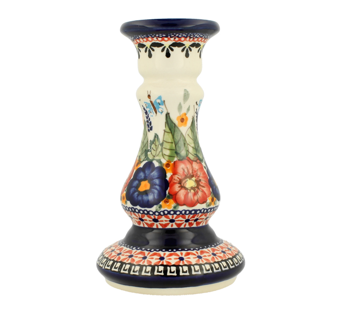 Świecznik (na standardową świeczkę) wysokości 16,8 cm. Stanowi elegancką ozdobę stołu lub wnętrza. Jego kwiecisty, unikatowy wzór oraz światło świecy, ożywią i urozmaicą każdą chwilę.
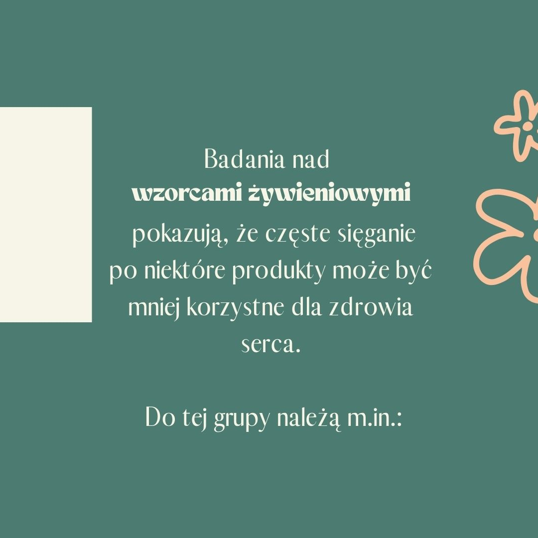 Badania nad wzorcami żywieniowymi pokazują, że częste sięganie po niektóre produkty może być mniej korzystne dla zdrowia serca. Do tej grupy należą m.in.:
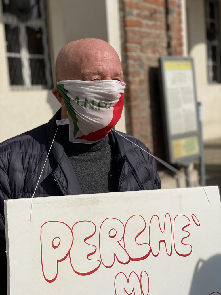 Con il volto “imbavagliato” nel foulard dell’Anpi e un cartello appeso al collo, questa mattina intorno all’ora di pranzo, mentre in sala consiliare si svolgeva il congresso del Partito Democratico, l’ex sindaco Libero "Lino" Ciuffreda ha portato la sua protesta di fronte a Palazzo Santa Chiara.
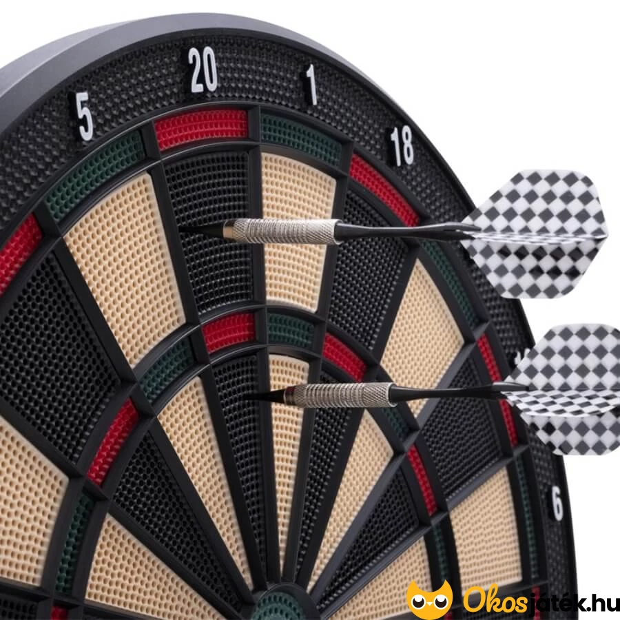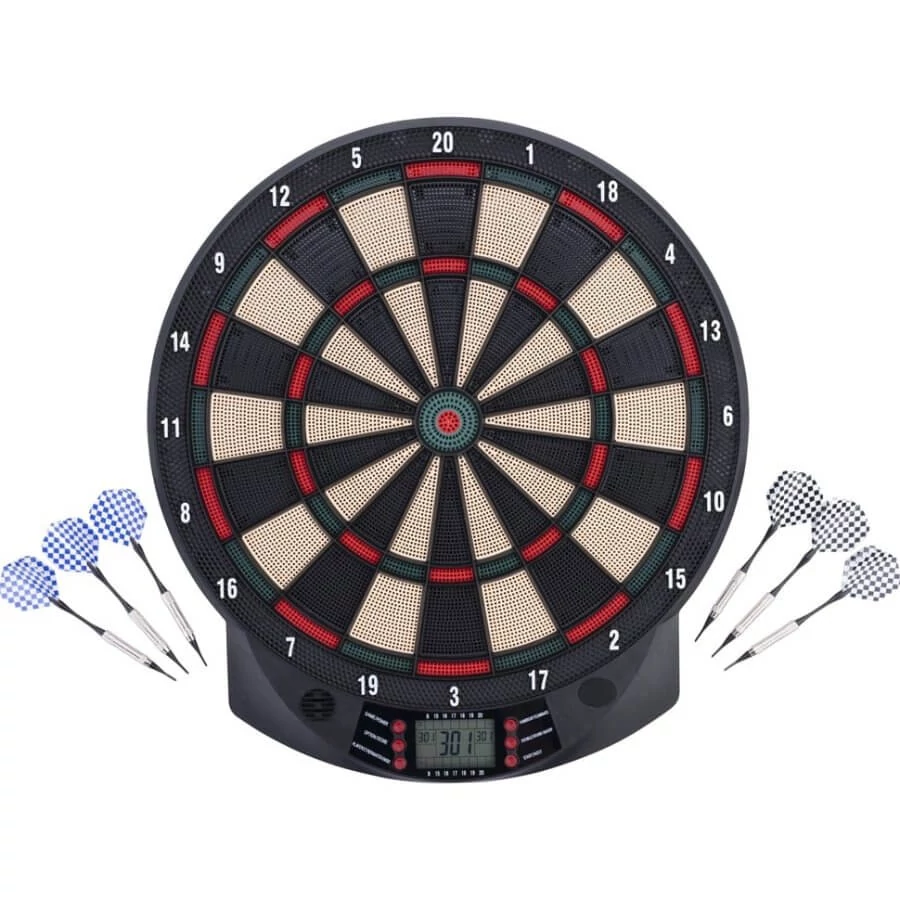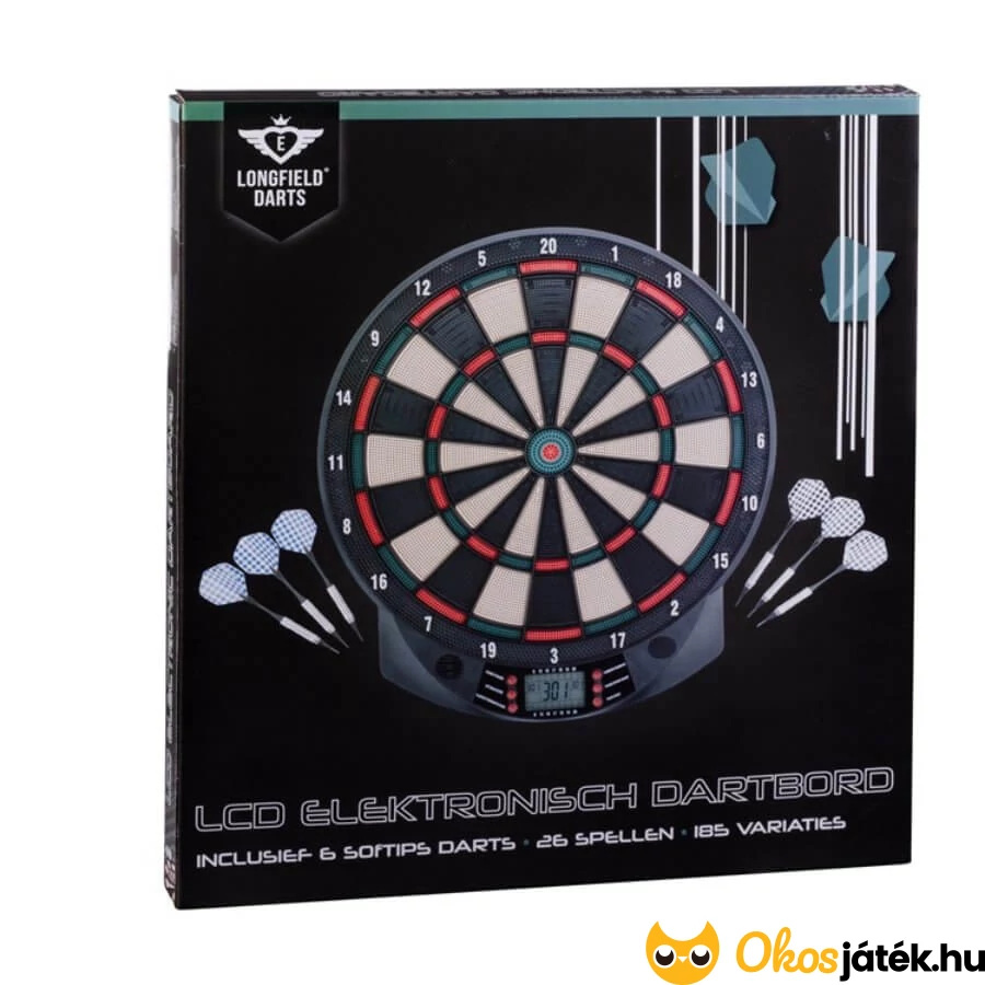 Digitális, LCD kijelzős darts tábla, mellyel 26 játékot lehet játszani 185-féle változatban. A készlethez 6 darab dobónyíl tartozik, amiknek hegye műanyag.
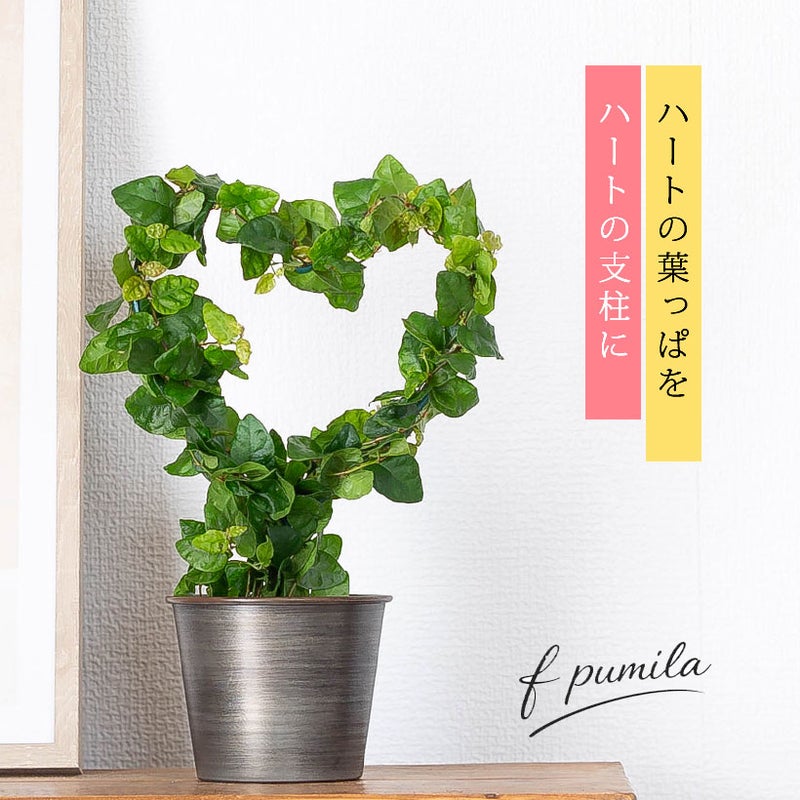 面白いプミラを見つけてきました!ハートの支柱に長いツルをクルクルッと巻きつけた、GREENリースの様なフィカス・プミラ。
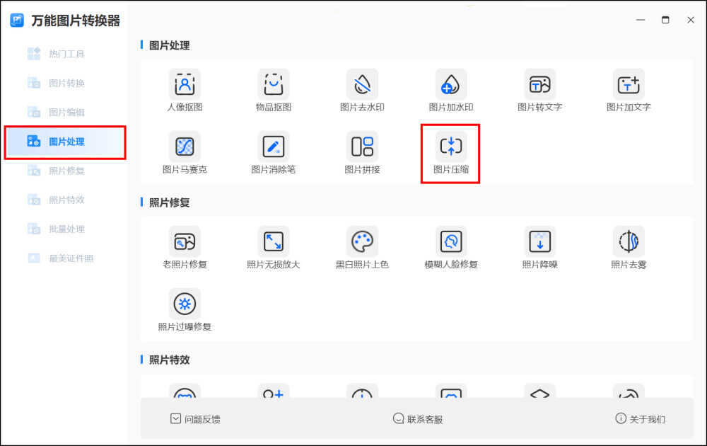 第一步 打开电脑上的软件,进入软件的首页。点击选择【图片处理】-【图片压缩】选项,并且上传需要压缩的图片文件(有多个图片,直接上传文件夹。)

- - - -

→ **EXERCISE INSTRUCTIONS**
Repeat, word for word and with no pictures, only the lines running from the beginning of the data to the line that contains "Badania nad wzorcami".

→ **SOLUTION TO THE PROBLEM**
 Świecznik (na standardową świeczkę) wysokości 16,8 cm. Stanowi elegancką ozdobę stołu lub wnętrza. Jego kwiecisty, unikatowy wzór oraz światło świecy, ożywią i urozmaicą każdą chwilę.
 Badania nad wzorcami żywieniowymi pokazują, że częste sięganie po niektóre produkty może być mniej korzystne dla zdrowia serca. Do tej grupy należą m.in.:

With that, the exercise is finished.